Capture faster. Elium’s AI assistant drafts incident reports from raw inputs — ticket notes, monitoring alerts, or war room chat logs. Instead of starting from a blank page after a stressful resolution, your team gets a structured first draft to review and refine.

Retrieve smarter. When a new incident occurs, ask Elium’s AI: “What was the root cause of the last database connection pool issue?” or “Show me all P1 incidents affecting the payment gateway this year.” Specific, sourced answers — not generic guesses.

Why teams use Elium for incident management

The real value of incident reports appears over time. A single report is useful; hundreds of consistently structured reports become a strategic asset. Elium makes this practical by combining structured fields with AI-powered search, so teams surface patterns that would otherwise stay hidden.

VINCI Energies — 97,000 employees across 61 countries — faced exactly this challenge. IT support procedures were scattered across Word documents, SharePoint sites, and email threads. By centralising knowledge in Elium, they made the right information findable at the right time, cutting resolution delays and eliminating duplicate effort across support tiers.
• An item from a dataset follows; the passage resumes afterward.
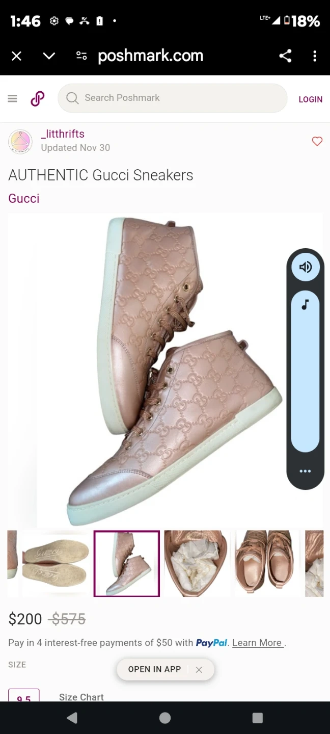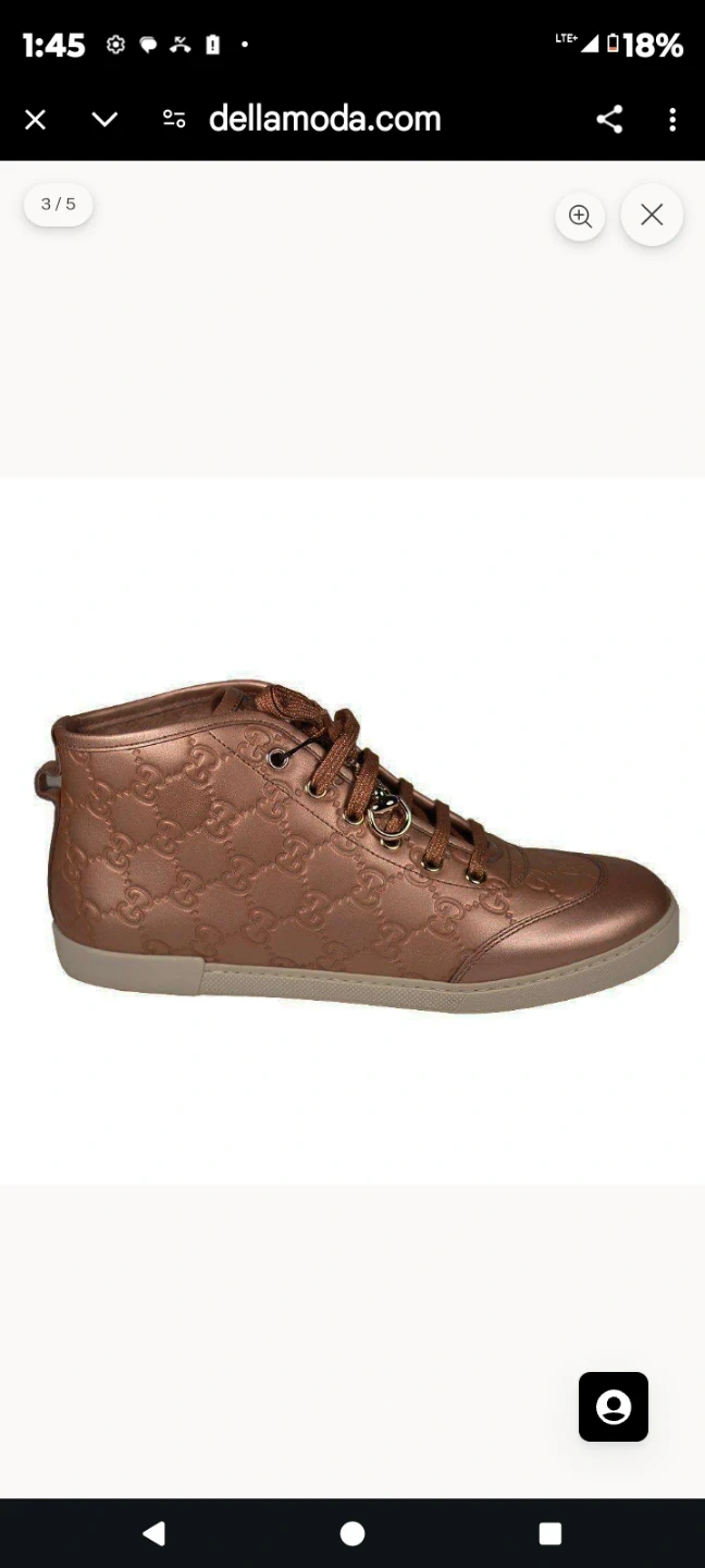 Authentic Gucci high-top sneakers in a rose gold metallic finish. These feature the iconic GG embossed pattern throughout the leather upper. Made in Italy. Size 6.5

For incident management, this means faster resolution of recurring issues (the fix is already documented), better onboarding for new staff (they learn from real incidents), and clearer reporting (structured metadata enables trend analysis without manual spreadsheets).
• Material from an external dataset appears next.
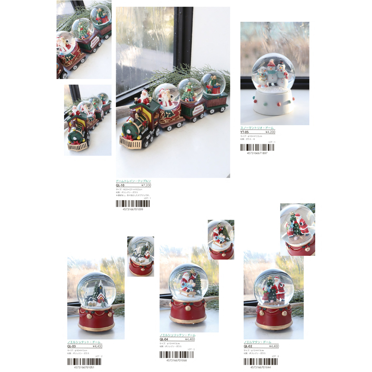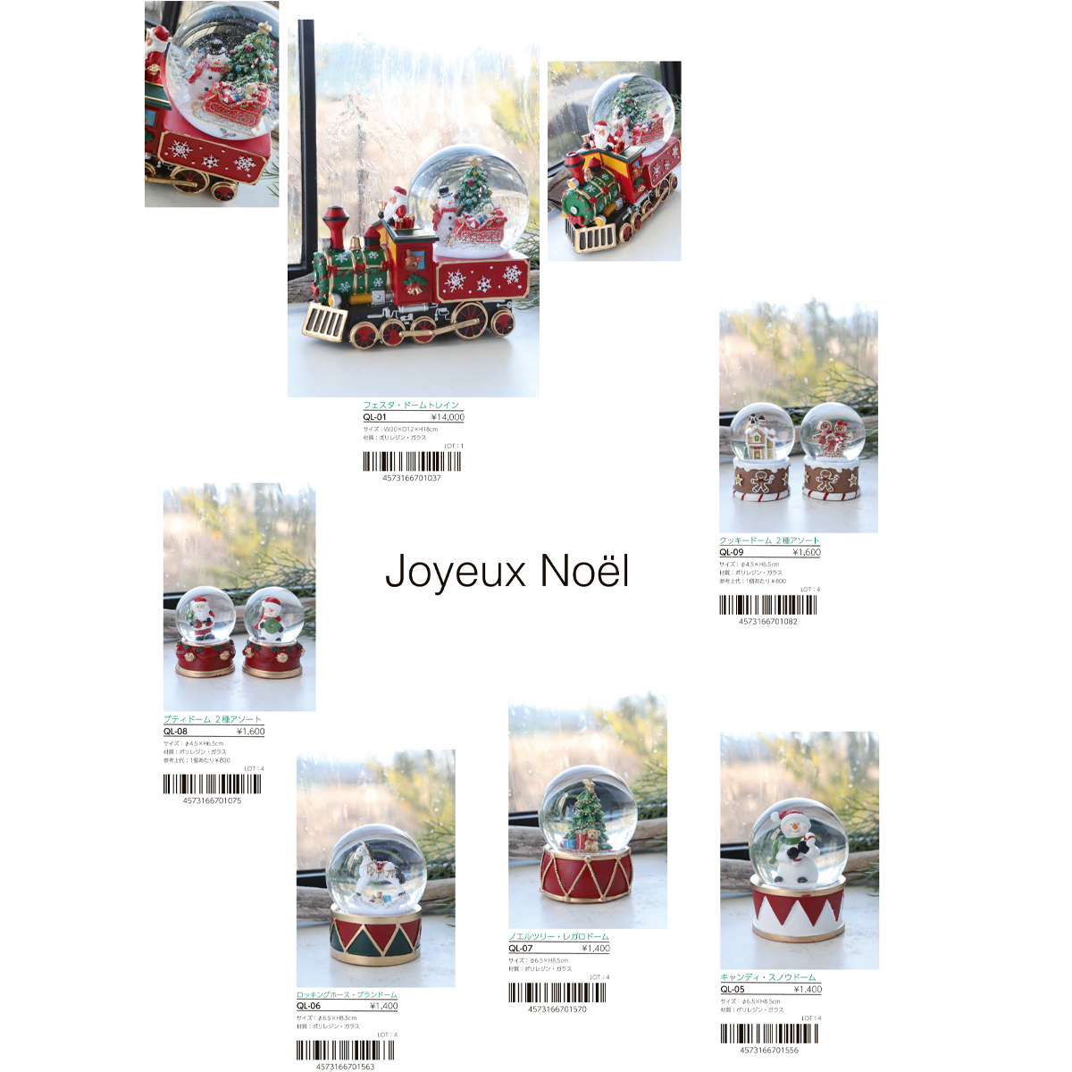 | 素材 | QL-01 フェスタ・ドームトレイン : ポリレジン・ガラス QL-05 キャンディ・スノウドーム : ポリレジン・ガラス QL-06 ロッキングホース・ブランドーム : ポリレジン・ガラス QL-07 ノエルツリー・レガロドーム : ポリレジン・ガラス QL-08 プティドーム 2種アソート : ポリレジン・ガラス QL-09 クッキードーム 2種アソート : ポリレジン・ガラス QL-02 ノエルマタン・ドーム : ポリレジン・ガラス QL-03 ノエルシュタット・ドーム : ポリレジン・ガラス QL-04 ノエルシュリッテン・ドーム : ポリレジン・ガラス QL-10 ドームトレイン・クップルン : ポリレジン・ガラス YT-05 スノーマントリオ・ドーム : ガラス・木 |

Frequently asked questions

An IT incident report is a formal record of an unplanned service disruption — documenting what happened, the root cause, and how it was resolved. Without consistent documentation, organisations lose the lessons from each incident. Teams diagnose the same failures repeatedly, resolution times stay high, and critical knowledge leaves when staff move on.
A complete incident report includes structured metadata (incident ID, severity, affected system, timestamps, resolver) and narrative sections covering the incident description, chronological timeline, root cause analysis, resolution steps, and preventive actions. The best reports also capture lessons learnt — what went well, what didn’t, and what the team would change next time.
Consistent incident reporting reduces mean time to resolution by making previous fixes searchable and reusable. It reveals patterns across incidents — recurring failures, vulnerable systems, and gaps in monitoring — that would otherwise stay hidden. Over time, your incident knowledge base becomes a training resource for new staff and a data source for management reporting on service reliability trends.
Start with the facts: when the incident was detected, what was affected, and how severe the impact was. Document the timeline of actions taken, then identify the root cause — not just the symptoms. Finish with specific preventive actions and assign owners. Keep the language factual; the goal is to improve systems, not find fault.
An incident is a single unplanned disruption — something that needs restoring now. A problem is the underlying cause behind one or more incidents. Incident management restores service quickly; problem management investigates why incidents happen and eliminates root causes. An incident report documents the event; a problem record tracks the deeper investigation.